Can we use Inference Endpoints to make input a music file and output a music file?

Hello everyone, I’m exploring the use of Hugging Face’s Inference Endpoints for a project involving music files. My goal is to input a music file and have the model generate a music file as output. I understand that the feasibility of this would depend on the specific model being used and whether it has been trained to process and generate music files.

However, I’m aware that handling music files as direct output might not be possible at the moment. As an alternative, I’m considering having the output music file stored in an AWS S3 bucket or Google Cloud Storage after inference. Has anyone implemented something similar, or could provide guidance on how to achieve this? Are there any specific models (as example) you would recommend for this task?
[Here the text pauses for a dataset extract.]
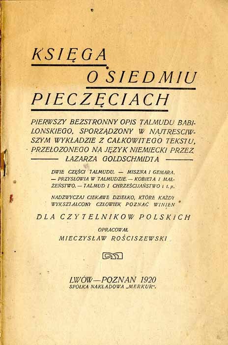 Tytuł: Księga o siedmiu pieczęciach. Pierwszy bezstronny opis talmudu babilonskiego, sporządzony w najtresciwszym wykładzie z całkowitego tekstu przełozonego na język niemiecki przez Łazarza Goldschmidta [...]
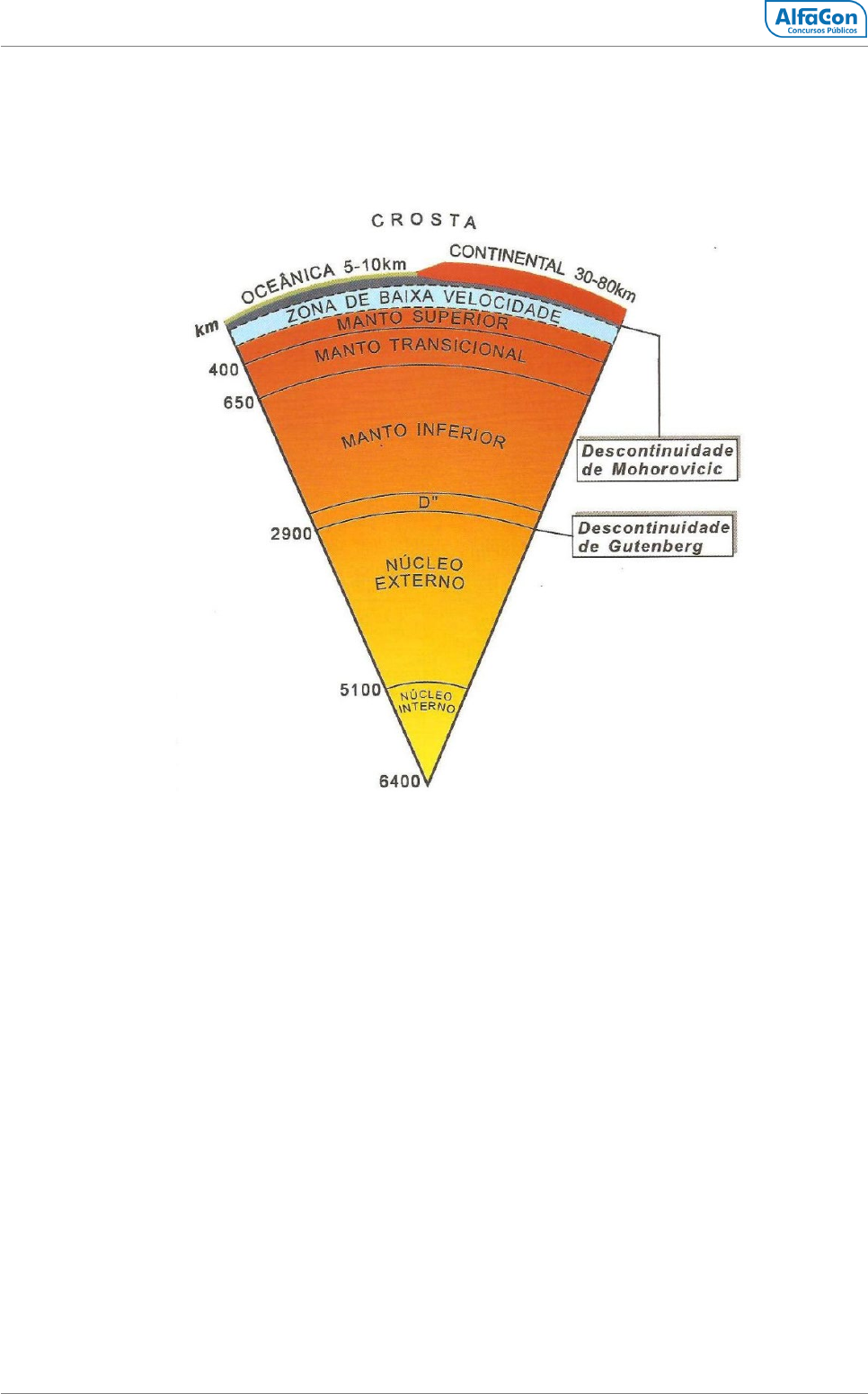 alfaconcursos.com.br MUDE SUA VIDA! 5 subdivididos em 4 camadas de construção diferentes, partindo do centro para a periferia temos um núcleo, um manto e uma crosta. A imagem mostra a estrutura interna da Terra no modelo clássico de primeira ordem, em camadas concêntricas, obtido a partir das velocidades das ondas sísmicas. Mantêm-se as divisões na devida escala, exceto para as crostas e a zona de baixa velocidade. Fonte: TEIXEIRA, Wilson; TOLEDO, M. Cristina Motta de; FAIRCHILD, Thomas Rich; TAIOLI, Fábio. Decifrando a Terra. Companhia Editora Nacional. São Paulo: 2008. O Núcleo Interno, com profundidade entre 5.100 a 6.378 Km, constitui a parte central e mais densa. Está separado do núcleo externo pela Descontinuidade de Lehmann. Por ser sólido, é chamado de “a semente da Terra”. É constituindo por níquel e ferro (NIFE) e sua temperatura atinge até 6000°C. O Núcleo Externo com profundidade de 2.900 a 5.100 Km atinge temperaturas de até 5.000°C e é composto por material pastoso com menores densidades que o material do manto. Está separado do manto pela Descontinuidade de Gutenberg-Wiechert. O Manto, com profundidade de 50 a 2.900Km atinge temperatura de até 3000°C e representa 83% do volume total do globo. É composto por material pastoso e é separado da crosta pela Descontinuidade de Mohorovicic (ou Moho). Sua parte superior, em contato com a crosta rígida é denominado de Astenosfera. Nela ocorrem as correntes de convecção, que correspondem ao movimento realizado pelo magma proveniente das camadas mais profundas do planeta em direção à crosta. Esse movimento é determinante para a movimentação das placas tectônicas, resultantes da fragmentação da crosta. A Crosta, também denominada como Litosfera, é a parte mais externa e está em contato com a atmosfera, a hidrosfera e a biosfera. Divide-se em: CROSTA CONTINENTAL: com espessura variando de 30 – 80 km, composta por rochas muito antigas e menos densas onde predominam o silício e o alumínio (SIAL) na parte superior, com temperaturas variando conforme o grau geotérmico e, na parte inferior, o predomínio dos silicatos de magnésio (SIMA), por serem de maior densidade, e com temperaturas podendo chegar aos 600°C. https://www.alfaconcursos.com.br/ alfaconcursos.com.br MUDE SUA VIDA! 6 CROSTA OCEÂNICA: com rochas densas e espessura inferior a 10 km, mais recentes e principalmente basálticas. A atividade vulcânica é bem mais intensa que na crosta continental. AS ÁREAS DE DESCONTINUIDADE Entre as diversas camadas internas do planeta, existem áreas que apresentam diferenças de densidade e de composição, dando origem às camadas de descontinuidade: locais onde há mudanças rápidas na velocidade de propagação das ondas sísmicas que se deslocam pelo interior da Terra. Foi por meio das descontinuidades que se provaram as modificações na composição mineralógica do planeta. As principais descontinuidades estabelecidas são as seguintes: Mohorovicic (entre a crosta e o manto): sua profundidade depende do local, pois a espessura da crosta varia entre 5 e 10 km (para a crosta oceânica) e entre 35 e 70 km (para a crosta continental); separa materiais silicáticos com maior participação do Al (a crosta) dos materiais também silicáticos com menor participação de Al e maior de Fe e Mg (o manto). Gutenberg (entre o manto e o núcleo externo; 2900 km de profundidade): separa materiais silicáticos do manto dos materiais metálicos (Fe e Ni) do núcleo. Lehman (entre o núcleo externo e o núcleo interno; 5100 km de profundidade): marca a mudança de estado físico dentro do núcleo; a parte externa, líquida, é composta por Fe e Ni, com participação de elementos químicos mais leves, como O, Na, Mg e S; a parte interna, sólida, é constituída por Fe e Ni. DERIVA CONTINENTAL E TECTÔNICA DE PLACAS Em 1912, o geólogo alemão Alfred Wegener apresentou a teoria da Deriva Continental na qual propunha que antes do início do Jurássico todas as terras continentais estavam reunidas em um só continente por ele denominado Pangeia, circundado por um oceano chamado Pantalassa que seria o antepassado do Pacífico. https://www.alfaconcursos.com.br/

Thank you in advance for your help.

You can also encode your audio file with base64 and return it as string, but uploading to s3 and then returning the URL makes more sense especially for larger files.

1 Like

Thank you for your response, @philschmid

I agree that uploading the output music file to a cloud storage service like Amazon S3 or Google Cloud Storage and then returning the URL seems to be a more efficient and practical solution, especially for larger files.
This approach would also provide a more seamless experience for users, as they can directly download the file from the provided URL.

Thanks again for your help!

I was looking for documentation on saving to an arbitrary storage (assuming access permissions are controlled by environment variables).

I would like to set environment variables for each endpoint, but I can’t seem to find it in the documentation. Maybe it can’t be done…?

have you succeeded in your task
is your model on rvc architecture by any chance?

have you succeeded
was your model RVC?